Unfortunately, reports indicate that some 63 million Nigerians lack access to safe water, which is a recipe for disease epidemics. A staggering 60,000 children reportedly die of diarrhea annually due to lack of water. Primary healthcare, which ought to be promoted, is utterly neglected.
For instance, apart from the periodic child immunisation shots carried out across the country under the Expanded Programme on Immunisation (EPI) campaign of the Federal and State Governments, nothing in recent times, shows that government is concerned about the deplorable state of primary healthcare delivery in the country. Even the tempo of the immunisation campaign as well as participation of members of the public seems to be slowing down by reason of reduced focus.

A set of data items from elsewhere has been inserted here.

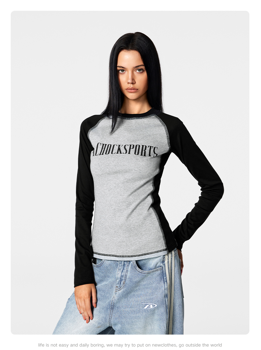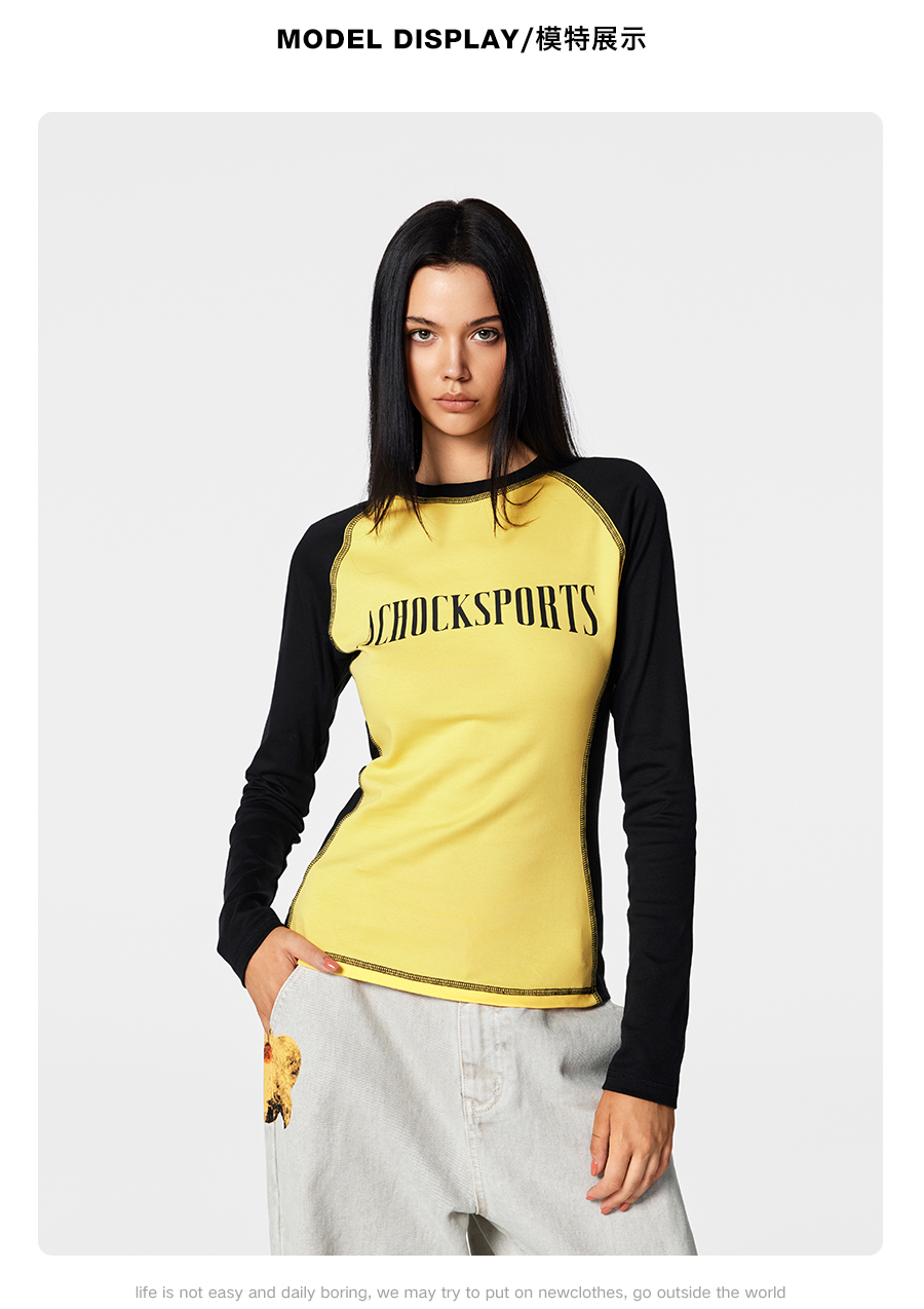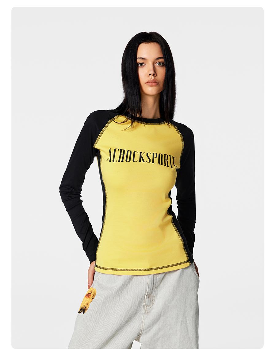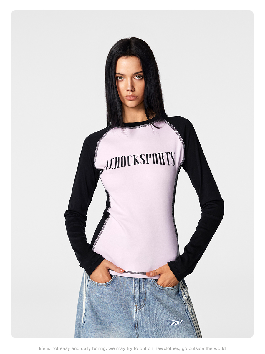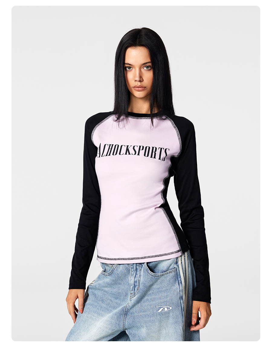【Achock官方店】美式紧身长袖上衣女拼色正肩长袖T恤衫辣妹显瘦
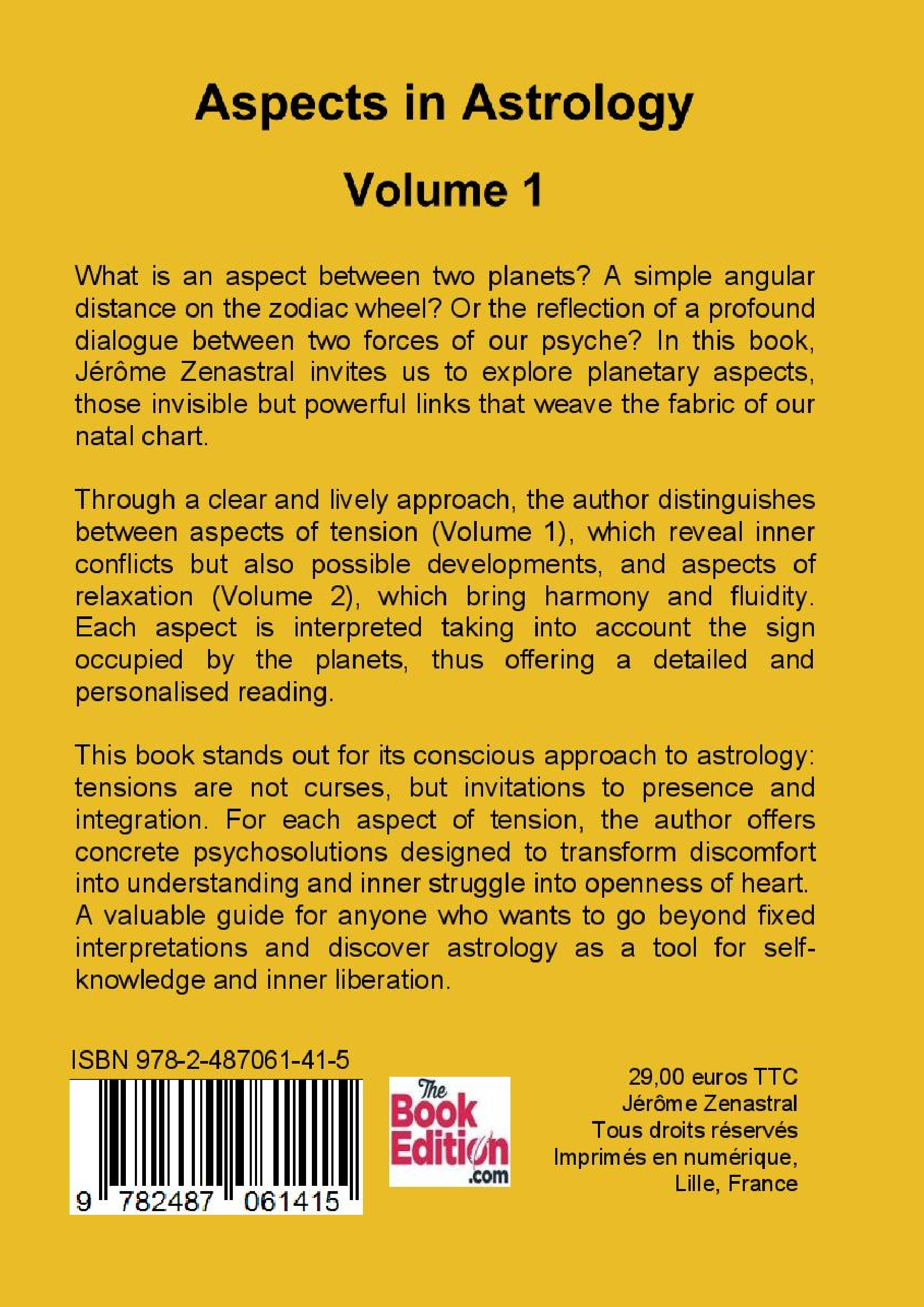 In this book, Jérôme Zenastral invites us to explore planetary aspects. Through a clear and lively approach, the author distinguishes between aspects of tension (Volume 1), which reveal inner conflicts but also possible developments, and aspects of relaxation (Volume 2), which bring harmony and fluidity. Each aspect is interpreted taking into account the sign occupied by the planets, thus offering a detailed and personalised reading. For each aspect, the author proposes concrete psychosolutions designed to transform discomfort into understanding.
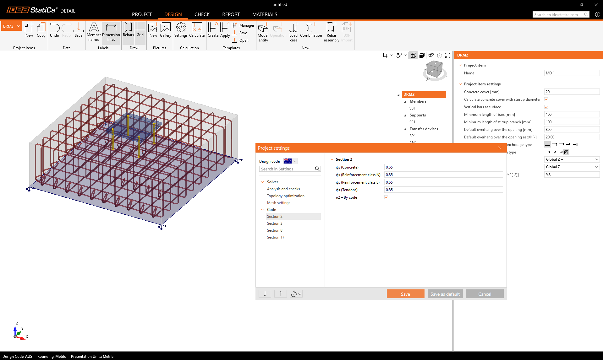 Users can utilize the full functionality of Detail (in 2D), adapted to AS 3600 terminology, material properties, and verification checks. The user interface aligns with Australian standards, making the design process more intuitive and ensuring that calculations follow local industry requirements.
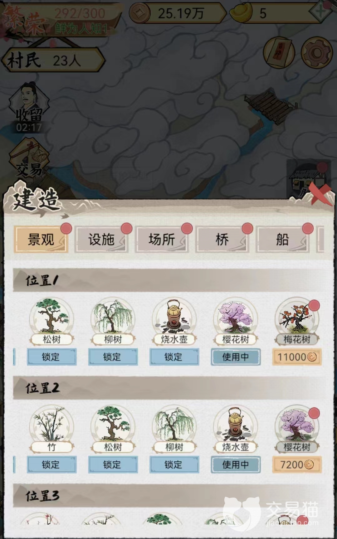 在游戏内有很多建筑设施的模板可以解锁购买获取,玩家们可以根据自己的喜好和想法来自由设计整个村落的方方面面。但是不少小伙伴点开界面就会发现,很多的外观和物品都需要一定的等级才能解锁,所以,玩家们第一步就是要先将繁荣度提升上来。
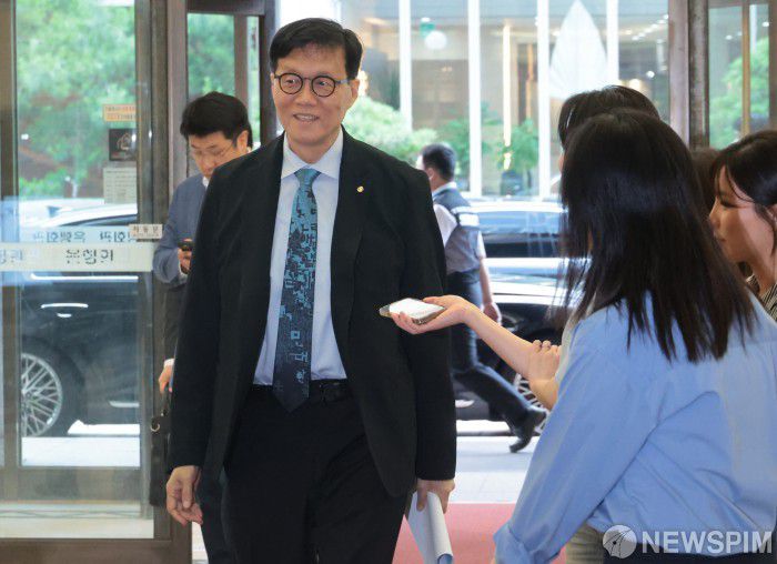 [서울=뉴스핌] 이길동 기자 = 이창용 한국은행 총재가 23일 오후 서울 중구 은행회관에서 은행장들과 가계대출과 가상자산 등 금융 현안을 논의하기 위해 간담회장으로 향하며 취재진의 질문에 답하고 있다. 2025.06.23 gdlee@newspim.com
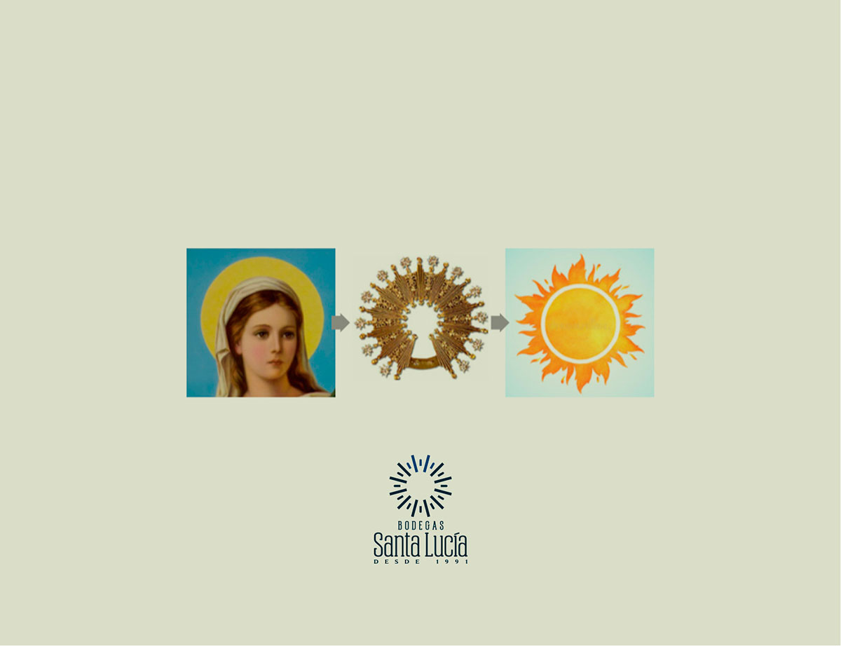Como recurso gráfico principal se uso la aureola sobre la Virgen, ya que al tipo de licores que produce la marca se les llama también “bebidas espirituosas”. Luego se creo un eslogan que hablara de lo que hace la empresa en razón al modo emocional en que trabajan: fabricar bebidas espirituosas + le ponemos el espíritu a la fabricación.

Gone were the days when free hospitals, including dispensaries, existed in parts of the country. Quality drugs were available. Sanitary inspectors did their job. Churches and faith organisations owned health facilities. Local governments played prominent role in promoting rural healthcare. Today, hospitals charge exorbitant fees when a lot of people are not on salary.
Given the ugly state of affairs, Dogara should not just lament the anomaly in the NHIS healthcare system. He should use his privileged position to sponsor a bill that would help to correct some of the anomalies. That is the least that Nigerians can expect from him.